By Carol Saul
This article was published in the August 2014 edition of Soul Search, the Journal of The Sole Society
My husband never knew his grandfather. And my father-in-law didn’t know his father. That’s because Andrew Saul, born on 6th July 1887 at King’s Head Court, Keswick, died in Blackpool on 2nd November 1919 just 10 days after his twin sons, William Dykes Saul [Bill] and Andrew Derwent Saul [Derry] were born and his daughter Elizabeth Hope Saul [Betty] was aged 2. In fact, I do not know what Andrew knew or saw of his twin sons as he died of kidney failure and was in a coma shortly after their birth. He had been discharged from the army on 11 February 1919, no longer fit for service.
Andrew married Mary Jane Jenkinson, an orphan from Liverpool, in Keswick on 18th May 1916. This is shortly after the Easter Rising and on the certificate Andrew gave his occupation as Soldier and his place of residence as The Curragh. [Ed: soldiers from an army barracks at The Curragh were used to suppress the Easter Rising] They lived in Blackpool until Andrew’s death whereupon Mary returned to Portinscale, Keswick, with the 3 children. She knew nothing of her own family, or even her correct date of birth, and never spoke of Andrew’s life so I had very little to start with. Betty sent me copies of three letters she had received from Andrew’s younger sister, Lizzie May Saul [May] when she wrote asking for information about Andrew and Mary around 1973.
Andrew’s parents were William Saul, a stonemason, and Elizabeth Shearman formerly Cartmell, both of whom were widowed when they married at Cockermouth Register Office on 20th December 1885. Elizabeth’s father was Greenip Cartmell and he was Innkeeper at the King’s Head in Keswick when Andrew and Mary married in 1916. Andrew’s father William had died.

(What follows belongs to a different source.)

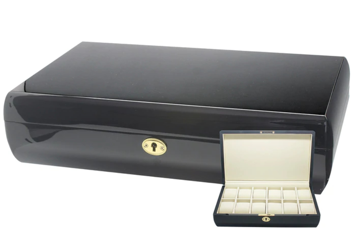Musta kellolipas on tyylikäs ulkomuodoltaan,kiiltävä pinta. Kellolipas on myös erinomainen lahjaidea rannekellojen ystäville! Kuvasta poiketen sisustyynyt ovat mustat. Kellolippaan koko on: 37 x 22 x 8 cm ja yhden lokeron leveys on n. 5 cm.

William and Elizabeth moved to Manchester some time between Andrew’s birth in 1887 and the 1891 census. William died there on 30 May 1896 and Elizabeth died on 26 March 1899 having moved to Oldham. Andrew was 11 when he was noted as the informant and in attendance at the death on his mother’s death certificate. She appears to have died in childbirth but there is no sign of the father of the child [John Saul] who went to the Workhouse at 2 weeks old and died there aged 2, the birth itself not having been registered. And wouldn’t you know it – the Workhouse records for relatives/admitters are missing for the crucial year!
At this point Andrew and his sister May moved back to Keswick where they were raised by an older cousin, Lavinia Cartmel (daughter of their mother Elizabeth’s brother John) who was married to a tailor rejoicing in the name of Dunglinson Dykes Tyson. In 1901 Andrew and May are living with these cousins as ‘adopted orphans’ and Andrew is a 13 year old apprentice tailor.
By 1911 Andrew was a 23 year old [ladies’] tailor boarding in Blackpool. His sister May said he moved there when he had finished his apprenticeship. In one of May’s letters she tells of Andrew having made her a suit in which she was photographed by a local newspaper one Easter walking along Blackpool promenade – something else to look for.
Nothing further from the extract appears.